**What this task involves:** A verbatim copy of the listing is what is needed, minus any pictures.

┌──

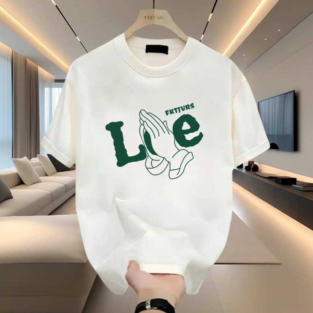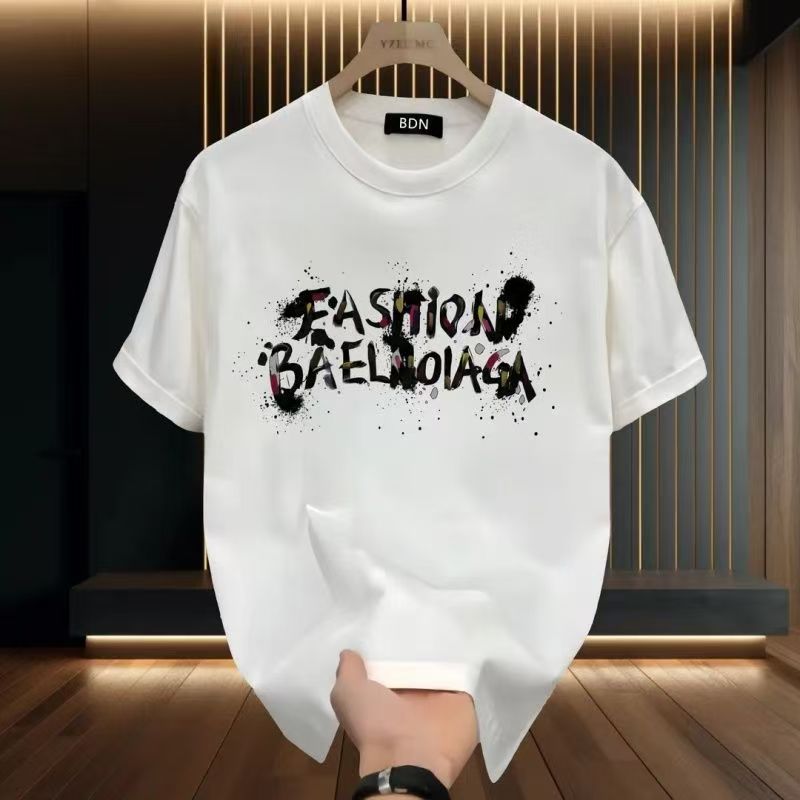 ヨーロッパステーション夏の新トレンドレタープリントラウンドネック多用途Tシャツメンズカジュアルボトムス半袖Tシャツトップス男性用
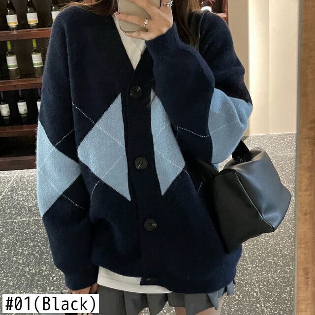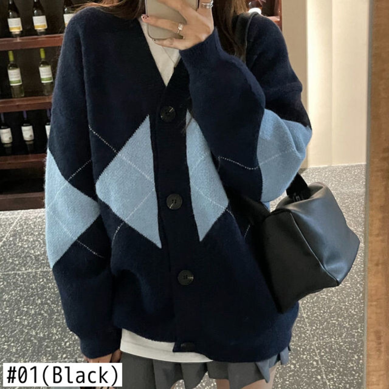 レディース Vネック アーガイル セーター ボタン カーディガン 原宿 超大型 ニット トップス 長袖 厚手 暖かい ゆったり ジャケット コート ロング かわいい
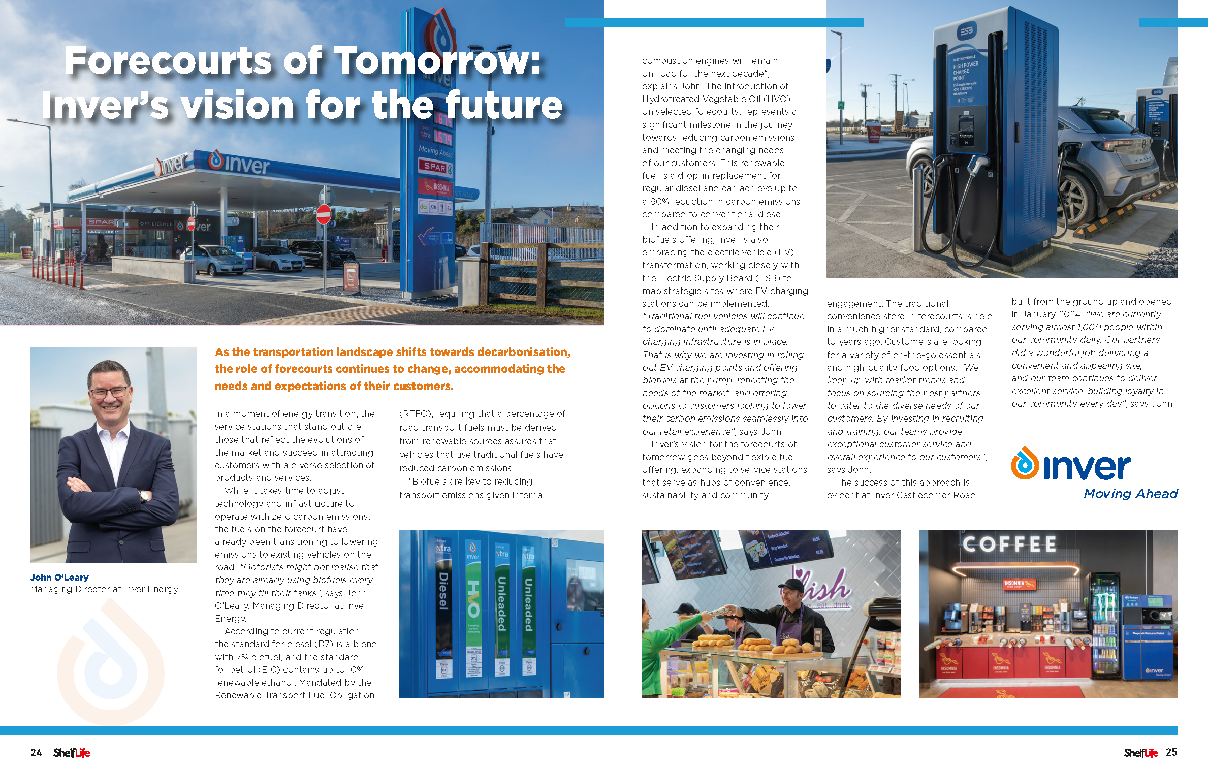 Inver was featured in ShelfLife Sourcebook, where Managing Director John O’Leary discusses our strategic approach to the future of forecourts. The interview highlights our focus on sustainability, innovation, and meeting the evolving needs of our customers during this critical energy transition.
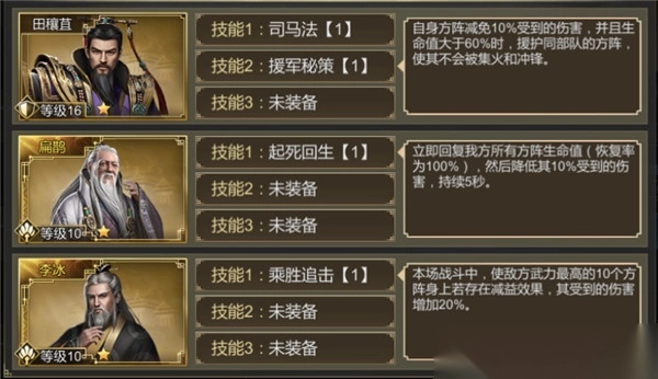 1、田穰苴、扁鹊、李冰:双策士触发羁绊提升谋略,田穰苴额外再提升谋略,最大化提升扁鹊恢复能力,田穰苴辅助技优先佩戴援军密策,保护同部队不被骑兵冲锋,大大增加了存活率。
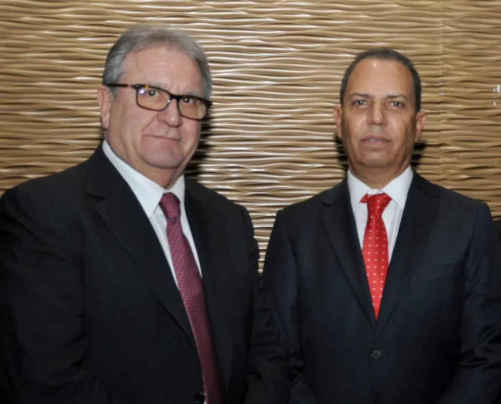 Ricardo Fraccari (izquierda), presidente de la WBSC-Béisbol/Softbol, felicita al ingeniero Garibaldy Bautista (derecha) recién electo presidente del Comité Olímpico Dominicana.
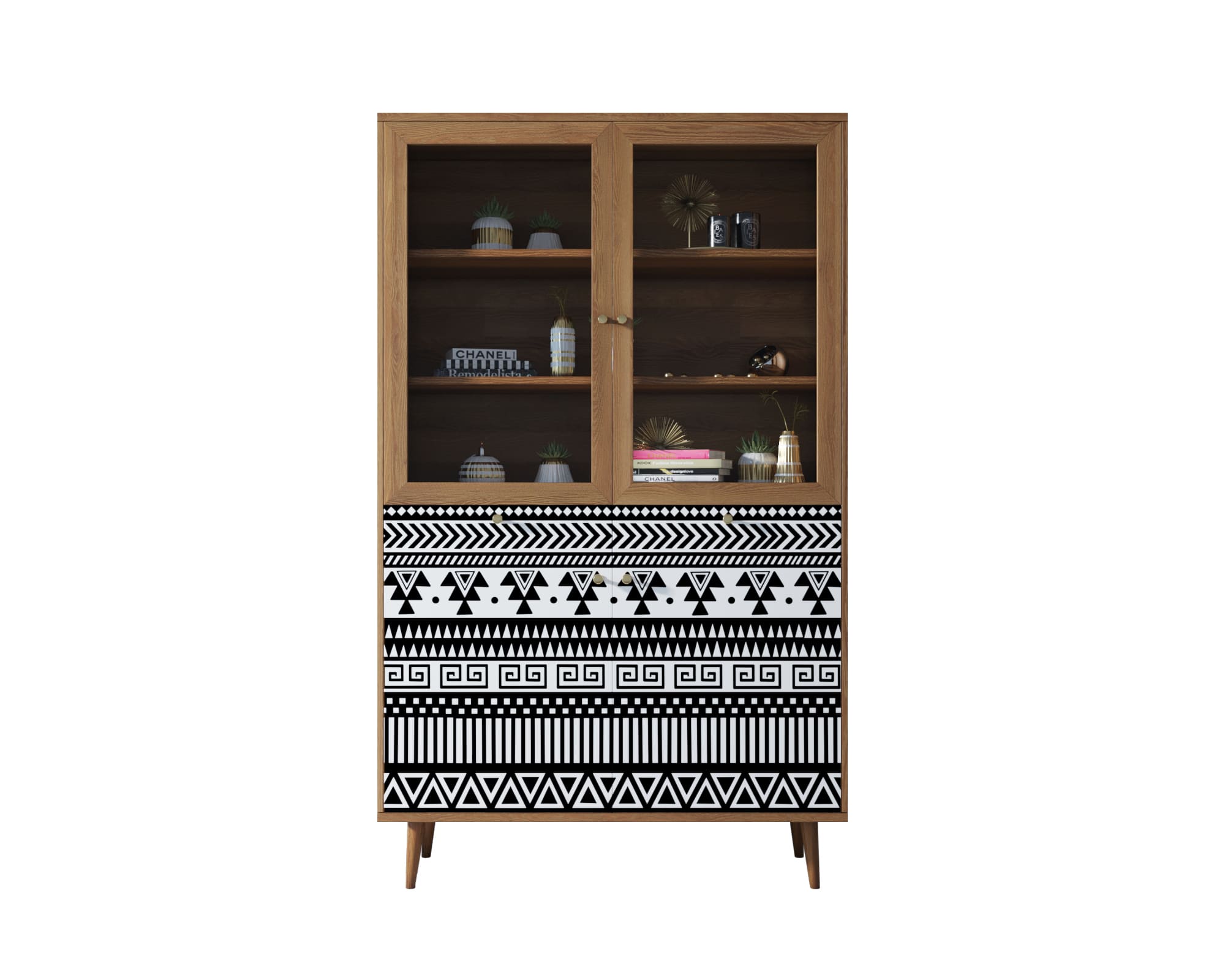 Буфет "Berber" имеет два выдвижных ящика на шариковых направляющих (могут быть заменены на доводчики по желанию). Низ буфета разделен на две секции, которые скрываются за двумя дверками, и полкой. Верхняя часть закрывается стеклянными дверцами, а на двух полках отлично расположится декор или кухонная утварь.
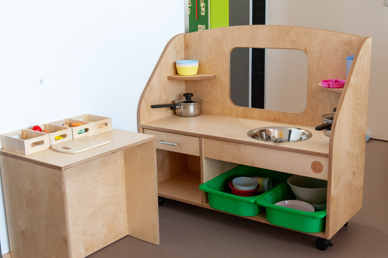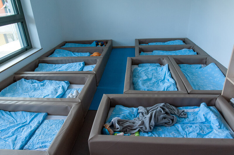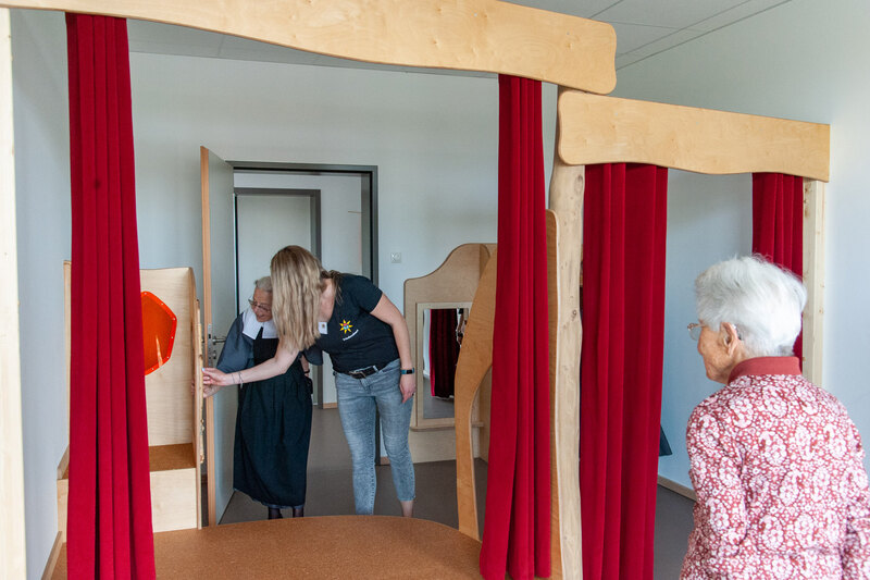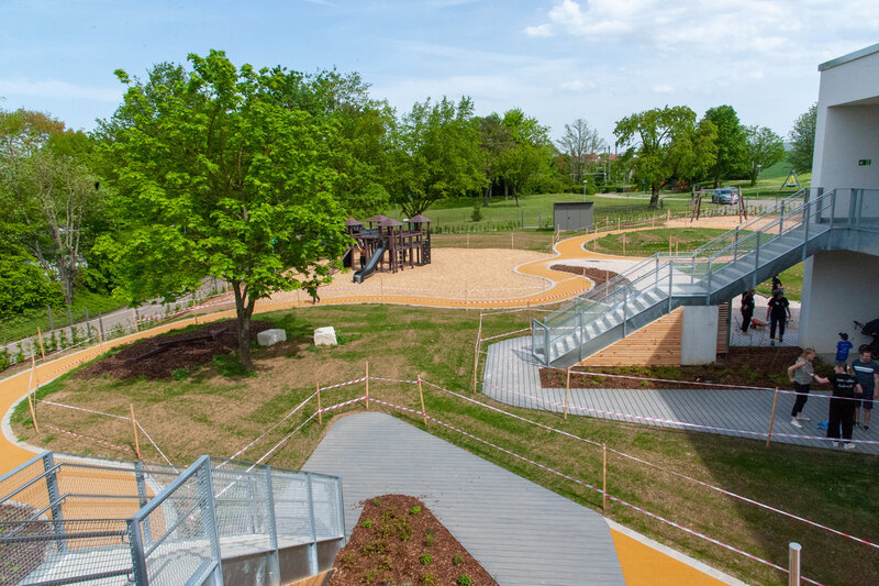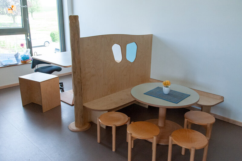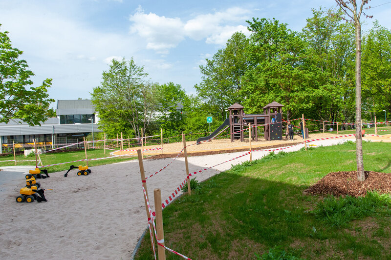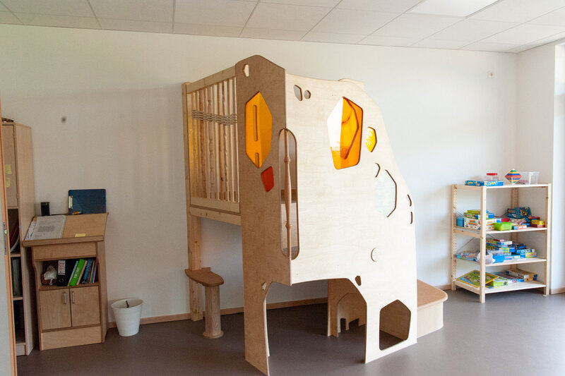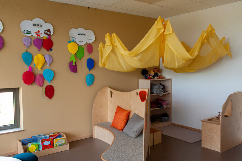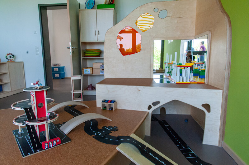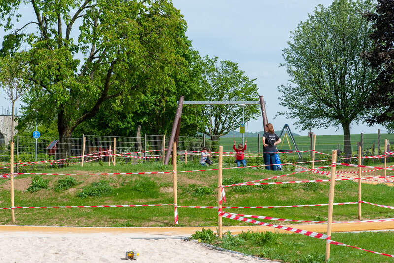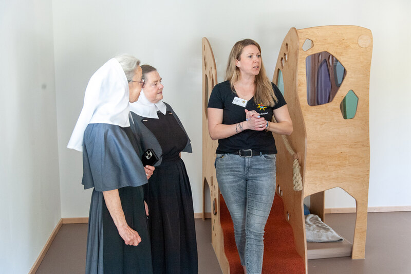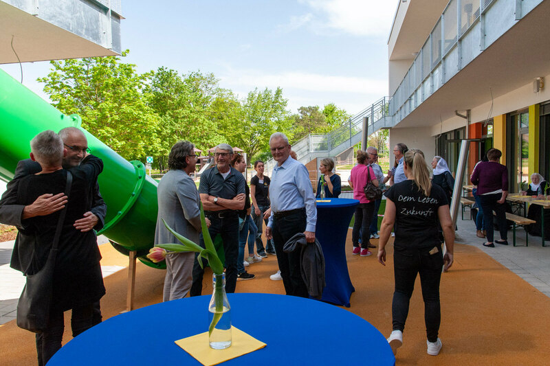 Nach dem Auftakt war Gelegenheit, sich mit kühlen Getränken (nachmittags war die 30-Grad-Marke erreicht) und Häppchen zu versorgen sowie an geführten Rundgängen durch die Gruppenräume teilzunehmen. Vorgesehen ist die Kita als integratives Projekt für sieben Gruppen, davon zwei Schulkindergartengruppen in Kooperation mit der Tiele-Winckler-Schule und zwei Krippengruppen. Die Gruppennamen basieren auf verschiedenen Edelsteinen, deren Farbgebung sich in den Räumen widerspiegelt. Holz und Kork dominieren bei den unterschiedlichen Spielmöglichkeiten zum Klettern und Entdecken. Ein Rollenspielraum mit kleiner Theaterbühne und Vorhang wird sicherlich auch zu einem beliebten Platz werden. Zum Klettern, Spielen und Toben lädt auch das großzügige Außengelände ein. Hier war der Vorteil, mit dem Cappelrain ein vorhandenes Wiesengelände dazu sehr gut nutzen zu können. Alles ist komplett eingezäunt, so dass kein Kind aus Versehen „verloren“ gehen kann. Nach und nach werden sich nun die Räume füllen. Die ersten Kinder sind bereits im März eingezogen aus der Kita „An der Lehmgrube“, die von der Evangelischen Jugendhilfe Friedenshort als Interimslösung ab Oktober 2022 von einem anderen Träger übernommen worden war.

└──

**Output for this exercise:**
 ヨーロッパステーション夏の新トレンドレタープリントラウンドネック多用途Tシャツメンズカジュアルボトムス半袖Tシャツトップス男性用
 レディース Vネック アーガイル セーター ボタン カーディガン 原宿 超大型 ニット トップス 長袖 厚手 暖かい ゆったり ジャケット コート ロング かわいい
 Inver was featured in ShelfLife Sourcebook, where Managing Director John O’Leary discusses our strategic approach to the future of forecourts. The interview highlights our focus on sustainability, innovation, and meeting the evolving needs of our customers during this critical energy transition.
 1、田穰苴、扁鹊、李冰:双策士触发羁绊提升谋略,田穰苴额外再提升谋略,最大化提升扁鹊恢复能力,田穰苴辅助技优先佩戴援军密策,保护同部队不被骑兵冲锋,大大增加了存活率。
 Ricardo Fraccari (izquierda), presidente de la WBSC-Béisbol/Softbol, felicita al ingeniero Garibaldy Bautista (derecha) recién electo presidente del Comité Olímpico Dominicana.
 Буфет "Berber" имеет два выдвижных ящика на шариковых направляющих (могут быть заменены на доводчики по желанию). Низ буфета разделен на две секции, которые скрываются за двумя дверками, и полкой. Верхняя часть закрывается стеклянными дверцами, а на двух полках отлично расположится декор или кухонная утварь.
 Nach dem Auftakt war Gelegenheit, sich mit kühlen Getränken (nachmittags war die 30-Grad-Marke erreicht) und Häppchen zu versorgen sowie an geführten Rundgängen durch die Gruppenräume teilzunehmen. Vorgesehen ist die Kita als integratives Projekt für sieben Gruppen, davon zwei Schulkindergartengruppen in Kooperation mit der Tiele-Winckler-Schule und zwei Krippengruppen. Die Gruppennamen basieren auf verschiedenen Edelsteinen, deren Farbgebung sich in den Räumen widerspiegelt. Holz und Kork dominieren bei den unterschiedlichen Spielmöglichkeiten zum Klettern und Entdecken. Ein Rollenspielraum mit kleiner Theaterbühne und Vorhang wird sicherlich auch zu einem beliebten Platz werden. Zum Klettern, Spielen und Toben lädt auch das großzügige Außengelände ein. Hier war der Vorteil, mit dem Cappelrain ein vorhandenes Wiesengelände dazu sehr gut nutzen zu können. Alles ist komplett eingezäunt, so dass kein Kind aus Versehen „verloren“ gehen kann. Nach und nach werden sich nun die Räume füllen. Die ersten Kinder sind bereits im März eingezogen aus der Kita „An der Lehmgrube“, die von der Evangelischen Jugendhilfe Friedenshort als Interimslösung ab Oktober 2022 von einem anderen Träger übernommen worden war.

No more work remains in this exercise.